Яков Гордин - Кавказ
Между тем в очередной раз восстали жители столицы уцмея города Башлы. Город был взят Мадатовым штурмом. И, как констатировал в записках Алексей Петрович: “Дом уцмея и весь город разрушен до основания”.
Отношения Алексея Петровича и Адиль-Хана уцмея Каракайдаского напоминают таковые же с Султан-Ахмед-Ханом Аварским.
Еще в октябре 1818 года Ермолов писал генералу Пестелю, оперирующему в Каракайдаке:
Нет сомнения, что уцмий есть человек самый неблагонамеренный и потому собственных его подвластных возбудить против него полезно, к чему они, конечно, могут быть наклонны, терпя от него большое утеснение.
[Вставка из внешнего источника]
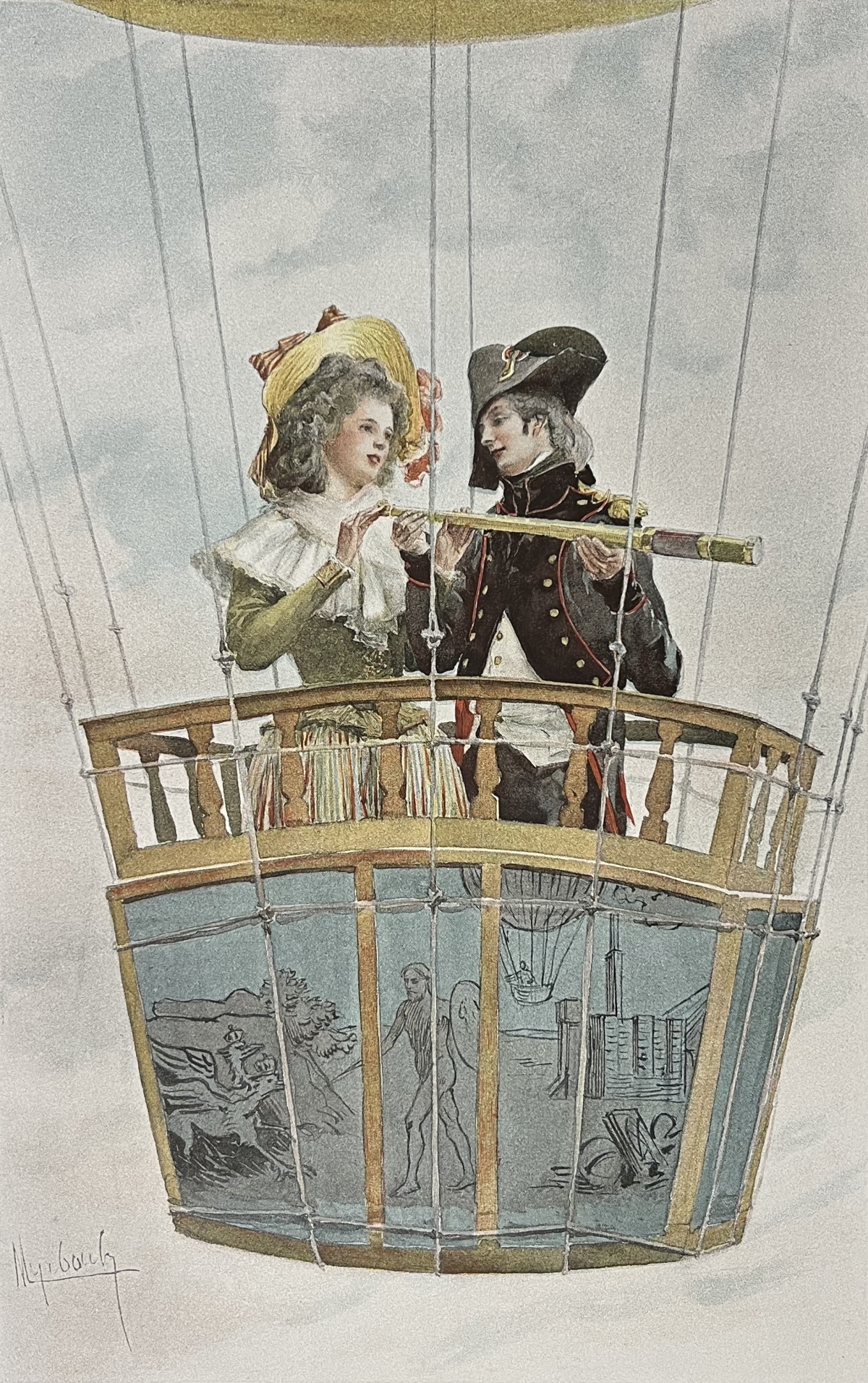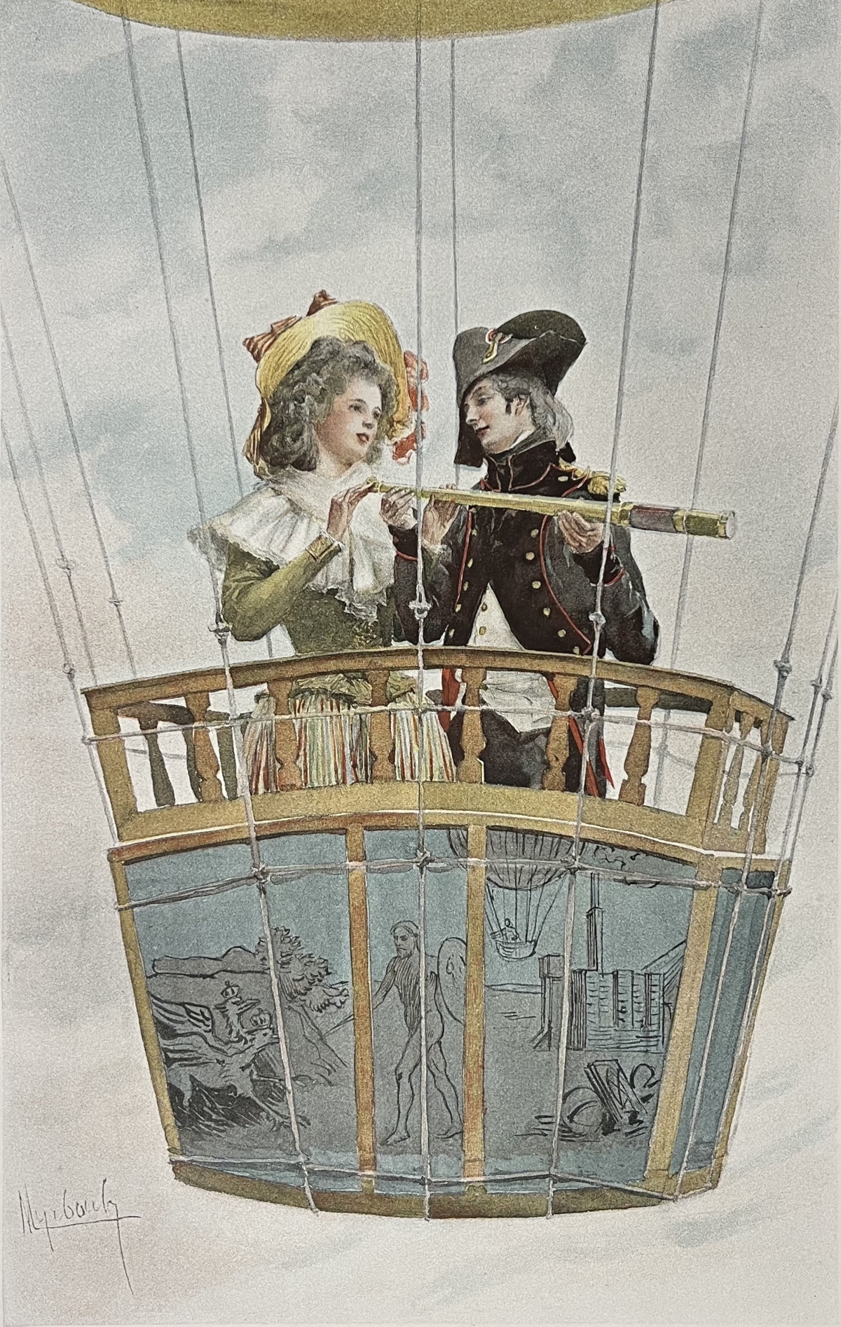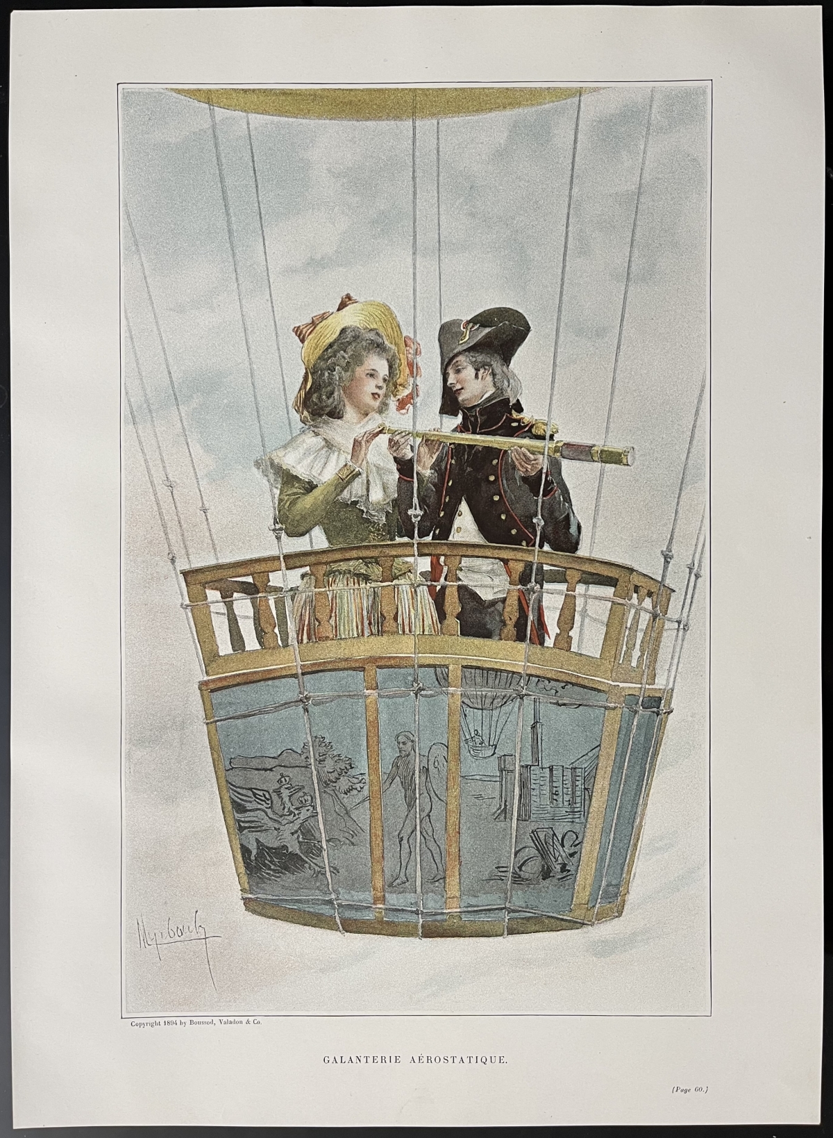 Ballon monté aérostat 1794 Galanterie aérostatique procédé de 1894

Если сходно cиe будет с обстоятельствами, вы извольте употребить в действие. Теперь возьмите с него объяснение: каким образом идут к нему в помощь Акушинцы, если он их не требовал и почему нужна ему сия помощь, если Российские войска ни ему самому, ни его подвластным обид не причиняют и что если только Акушинцы и Даргинцы придут к Башлам, извольте объявить ему, что действие cиe почту я за возмущение против Российского правительства и его самого за изменника, после чего тотчас другой возведен будет в достоинство уцмия.
Однако через месяц, 21 ноября он отправил ему весьма дружественное по тону письмо: “Еще не имею я повеления великого Государя моего, чтобы сын ваш заступил место ваше, а сам возвести его в cиe достоинство не имею власти. Могу однако же по-приятельски уверить вас, что вам не должно сомневаться, что никто другой в Каракайтаге владеть не будет и я не упущу из виду пользу вашего дома. Не ропщите на то, что сына вашего удерживаю я в Дербенте: того требуют обстоятельства, которые скоро кончатся и совершенно в его удовольствие. Теперь дал я предписание, чтобы назначен был ему дом в городе и он жил с своею супругою, а вас прошу дать ему совет, чтобы он не огорчался. Я еще повторю, что он скоро будет свободен и тогда, как не будет уже у него опасных неприятелей. Не думайте, чтобы помышлял я предпочесть ему Эмир-Гамзу, которого я столько же презираю, как покровителя его изменника, подлого Аварского хана, бывшего до сего времени ген.-майором и которого со всем мошенническим его семейством вогнал я в горы.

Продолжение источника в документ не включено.